Beachin' with Suzy

 


If you are willing to camp, you can score a wonderful, inexpensive beach vacay. With my senior pass I camped for 20$ a night at Fort Pickens Camp Ground near Pensacola down a long, narrow, lovely peninsula bordered to the south by the Gulf of Mexico and to the north by Pensacola Bay. 

I did get lucky on finding a site for 2 nights without reserving in advance much further than I did. You usually have to reserve way ahead. (You can sometimes get a site for one night and then a different site for another single night.)

Suzy (my Australian Shepherd) and I slept in my van. We kept cool because I have a jackery power source that runs a fan. The jackery also charges my phone. I used the campsite power to heat water for coffee and oatmeal. Yes I got a little tired of eating oatmeal and nuts and fruit and peanut butter and cheese and tuna fish, but I was trying to keep it simple. My special treat was a kale salad I brought from home and kept in the icebox with some yummy stout beer.

Suzy thought she was the campground hostess. She made a good one. I have never owned a friendlier dog. 

However, she wasn't supposed to go on any of the area's beaches except the designated dog park beach. So we tried the dog beach the first day we arrived. 

You're supposed to keep your dog on a leash there, which seems ridiculous to me. It was Suzy's first time to see the Gulf of Mexico, and she was as excited as I was when I saw it for the first time. Like me, she headed straight for the waves at top speed. After attempting to let her enjoy herself on leash, I lead her away from the dog park beach area a good distance so we were not near anyone and then unleashed her. I just had to.

Naturally, Suzy had a blast swimming in the ocean, chasing the waves and letting them chase her, dashing up and down the beach, and then rolling in the sand such that she looked like a powdered donut. Again, naturally, she disobeyed me and galloped back down the beach to greet the first person she could find: a woman who was sitting on a beach towel just outside the dog park area (there was no fence, of course, on the beach). The woman was not a "dog person," so I don't know why she chose to sit right by the dog beach. 

Much to this sunbather's chagrin, Suzy pranced up to her, gave her "kisses" and a "hug" as she told her how happy she was that she was at the beach and asked her wasn't she happy too?

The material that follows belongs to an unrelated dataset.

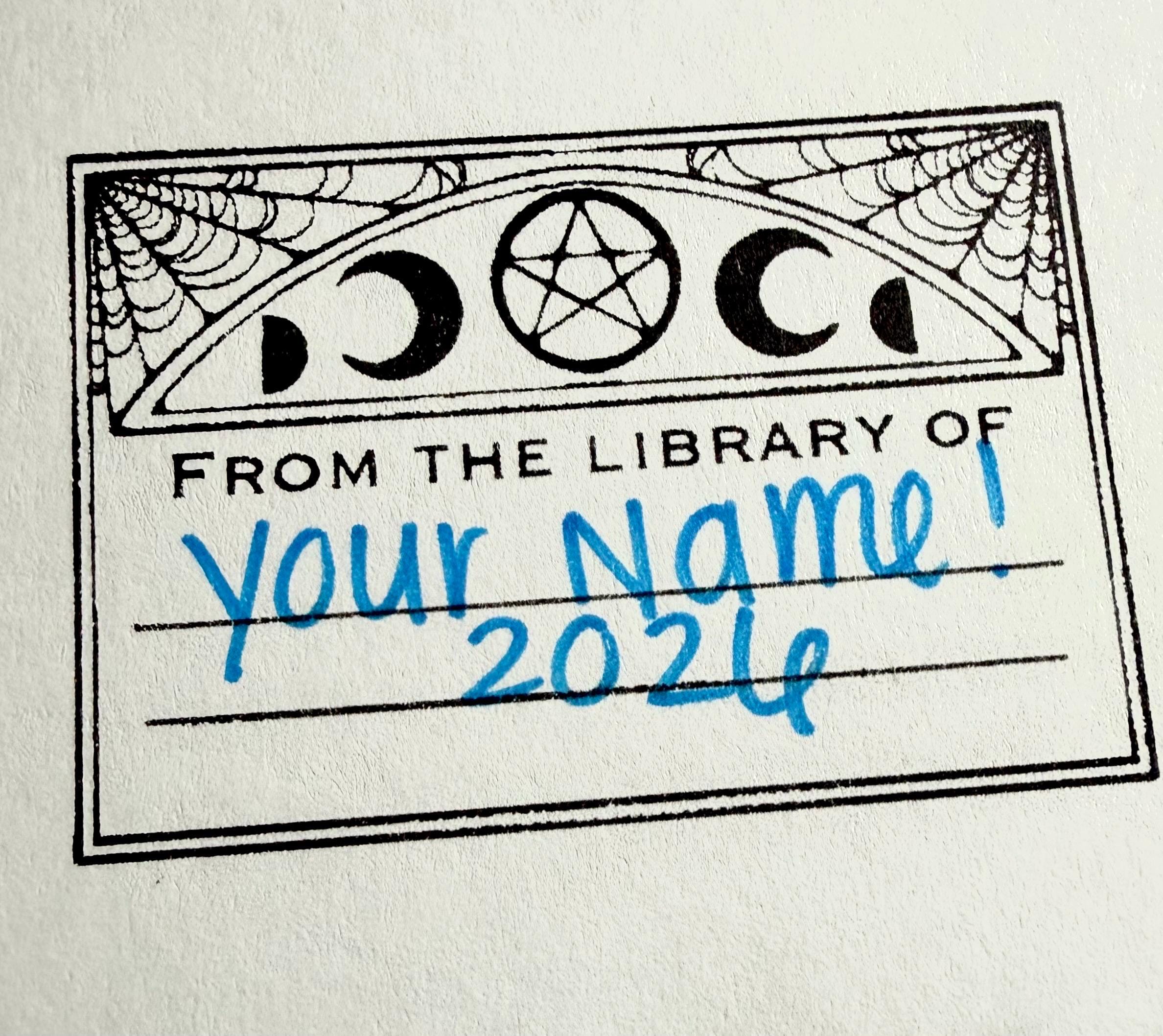 Framed with crescent moons and a pentacle border, this design feels like it belongs in a candlelit study filled with spellbooks and pressed herbs.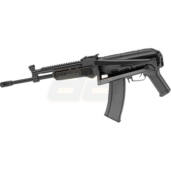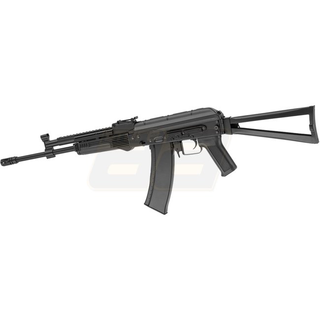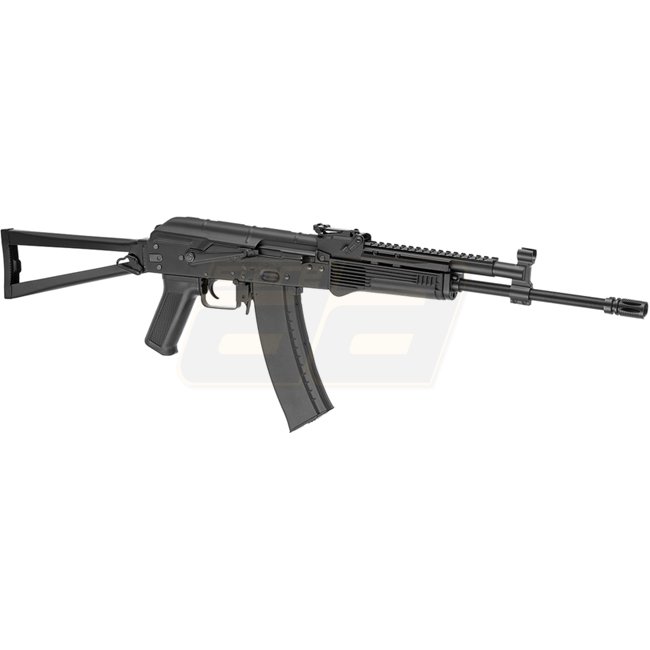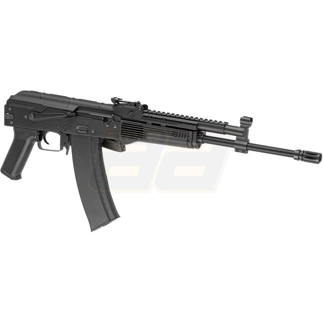 Cyma AK105 Tactical CM040J AEG is a robust airsoft rifle featuring full metal construction with a polymer stock and pistolgrip. It has a high magazine capacity of 500 rounds and a long inner barrel length of 450mm, ensuring accuracy at shooting ranges of

At the moment, she was not. 

It was embarrassing, and I'm sorry Suzy bothered the woman, but I still think it's stupid to have to leash your dog at the dog park beach.

We did manage to find areas on the bay side where no one was around. It was easier for Suzy to swim there, and she enjoyed herself.

Every morning after that, I took Suzy out on the beaches near Fort Pickens early, around sunrise, when no one else was there. Words are inadequate to describe the beauty of those experiences. Suzy and I each relished the surroundings and the feelings they engendered in us. Maybe our feelings were different; maybe they were the same. But there was a kind of ecstasy -- pure joy -- involved for the both of us. And we were each glad to have someone to share it with. I believe we were each worshipping in our our way. You can make of that what you will.